Additionally, prediction models developed using multiple features filtered by different techniques to distinguish cancer from control samples. Interestingly, our study has shown that the model based on 5 features i.e. 5 RNA transcripts (CLEC4G, CLEC4M, FCN2, CLEC1B and COLEC10), or 5 CpG sites (cg20855160, cg7614747, cg21009747, cg25792518 and cg03497652) performed quite similar to that of models based on much large dimension of features as indicated by the performance to discriminate cancer and normal samples with 96.47% accuracy and AUC 0.97 on the independent validation dataset. Interestingly in the current study, we observed that LCAT gene could classify cancer and normal samples with AUC 0.92, is also identified as one of the important markers (LS-RNA-WEKA) to distinguish early stage samples from the late stage. Thus, our report suggests the role of LCAT as an important signature marker in the progression of LIHC. Previously its association was observed with the poor survival of LIHC patients [94].

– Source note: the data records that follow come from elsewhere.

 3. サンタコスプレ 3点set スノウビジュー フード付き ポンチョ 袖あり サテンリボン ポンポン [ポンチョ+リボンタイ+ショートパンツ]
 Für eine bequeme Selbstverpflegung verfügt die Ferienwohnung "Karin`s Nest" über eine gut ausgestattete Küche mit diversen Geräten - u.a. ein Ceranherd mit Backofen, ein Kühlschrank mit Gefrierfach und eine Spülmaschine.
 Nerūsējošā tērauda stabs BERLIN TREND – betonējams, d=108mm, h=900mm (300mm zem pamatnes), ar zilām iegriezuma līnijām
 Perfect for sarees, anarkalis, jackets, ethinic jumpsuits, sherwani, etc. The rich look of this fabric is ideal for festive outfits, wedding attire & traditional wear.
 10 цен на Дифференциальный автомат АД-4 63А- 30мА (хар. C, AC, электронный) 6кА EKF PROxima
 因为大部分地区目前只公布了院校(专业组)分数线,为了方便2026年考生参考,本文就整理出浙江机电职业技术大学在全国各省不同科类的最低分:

Our next aim was to enhance our model for the stage classification, so we included the normal samples along with early and late stage samples to develop multiclass prediction models that can separate normal, early stage and late stage tissue samples. The advantage of this model as compared to the binary model is that it also captures the gene expression differences between adjacent normal and early stage samples. Based on the 5 RNA transcripts include MT1E, CNDP1, C7, GMNN, and EEF1A2, we achieved an accuracy of 72.84% with weighted AUC of 0.81. Further using 33 CpG sites (cg13093389, cg05488681, cg01426968, cg00590251, cg14106046, cg08081390, cg06958636, cg18110553, cg17329745, cg22816909, cg07906520, cg23931819 etc) accuracy of 77.54% and weighted AUC 0.86 is obtained. Their enrichment analysis shows that upregulated genes are enriched in various growth enhancing processes and pathways such as positives regulation of different kinase signaling, GTPase; while downregulated genes are enriched in negative regulators of growth processes and innate immunity pathways. This might lay insight towards their involvement in the progression of the cancerous condition.

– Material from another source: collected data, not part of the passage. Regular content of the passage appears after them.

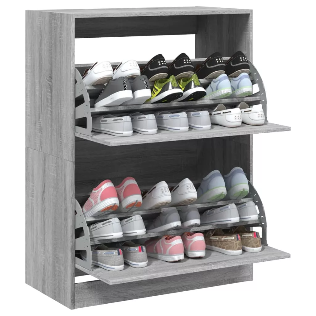 szürke sonoma cipőszekrény 2 kihajtható fiókkal 80x42x108 cm
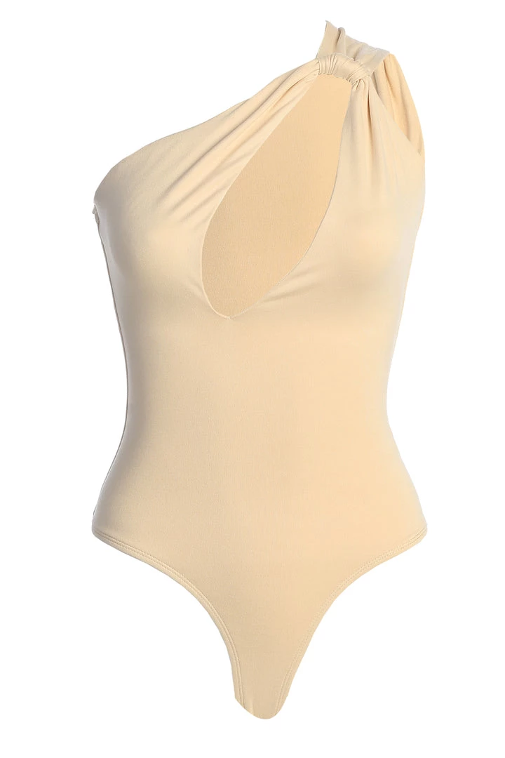 EXCLUSIVELY DESIGNED BY US FOR YOU. You’ll find a shade for every mood in our CREAM PRISCILLA KEYHOLE BODYSUIT! This ultra smooth and soft bodysuit features a one shoulder neckline with a sexy keyhole cutout at the chest for a glamorous touch! Complete with thong back and snap button closures. Pair with our JLUXBASIX SOFT LEGGINGS for the full look. Stretchy.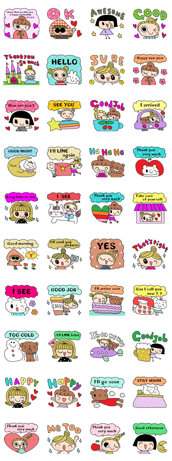 英語 タイ 中国語 韓国 日本語 スタンプ かわいい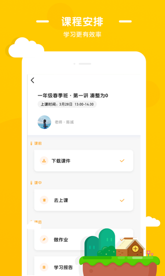 -即时掌握学生学习状态,随时随地推送进度动态提醒,教师还可将每一次学习数据分享给学生,方便家长督促孩子的学习。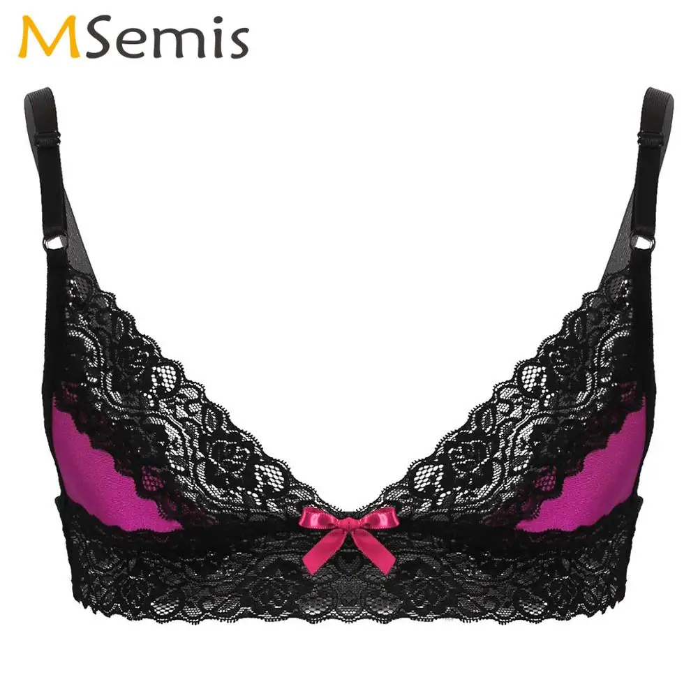 Фетиш мужские Sissy топы с бюстгальтером без косточек регулируемые бретельки кружевной треугольный бюстгальтер с чашечками Эротическое без косточек без подкладки гей Бюстье белье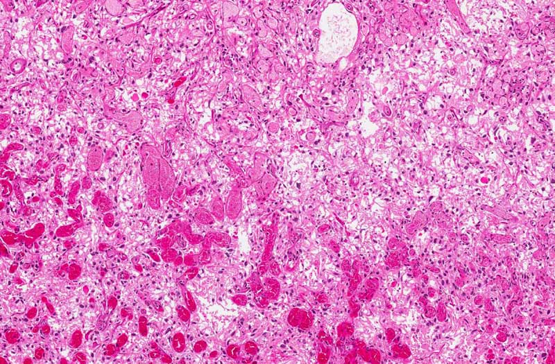 mitosis. The neoplastic meningothelial proliferation often has microcystic

In summary, we have achieved only reasonable performance (AUC 0.82) using the hybrid model based on 51 potential markers (include 21 CpG sites and 30 RNA transcripts) to classify early stage from the late stage via our systematic analysis of methylation and gene expression profiles of LIHC tissue despite implementing different approaches. In addition, 5 RNA and 5 CpG sites based prediction models distinguish cancer vs. normal samples with quite high precision. Furthermore, multiclass prediction models based on 5 RNA transcripts and 33 CpG sites attained reasonable performance in categorizing normal, early and late stage samples. Our findings suggest that the stage classification is a quite challenging task in comparison to cancer vs. normal samples classification from their expression and methylation profiling. Moreover, LIHC is a complex disease with various pathological bases; thus, our results raise the hypothesis that the exploration of these potential biomarker combinations might offer more accurate and precise diagnosis LIHC at the early stage.

Potential implications

We anticipate this study would be beneficial to recognize these new important epigenetic and genomic-based candidate markers for early diagnosis of liver cancer. Their potential as a prognostic marker of LIHC can be further investigated by clinicians and researchers involved in the respective research area. We have integrated all our models based on these potential markers in the form of web server named CancerLSP for the use of scientific community working in the respective research area.

Limitation of the study

In the current study, we have identified potential biomarkers based on genomic and epigenetic profiles to differentiate the early and late of HCC with reasonable performance. One of the limitations associated with these biomarkers is that they are derived from the tissue samples; which required invasive approaches for their isolation. But, one can employ a similar strategy if sufficient data is available for blood, serum, urine, cell-free DNA etc. to develop non-invasive biomarkers. Furthermore, our study mainly based on TCGA high throughput datasets for both internal and independent validation. These potential biomarkers further need to be validated on other external datasets derived from various other studies to elucidate their clinical utility.

Supporting information


The authors acknowledge funding agencies J. C. Bose National Fellowship (DST). HK and SB are thankful to CSIR and ICMR for providing fellowships.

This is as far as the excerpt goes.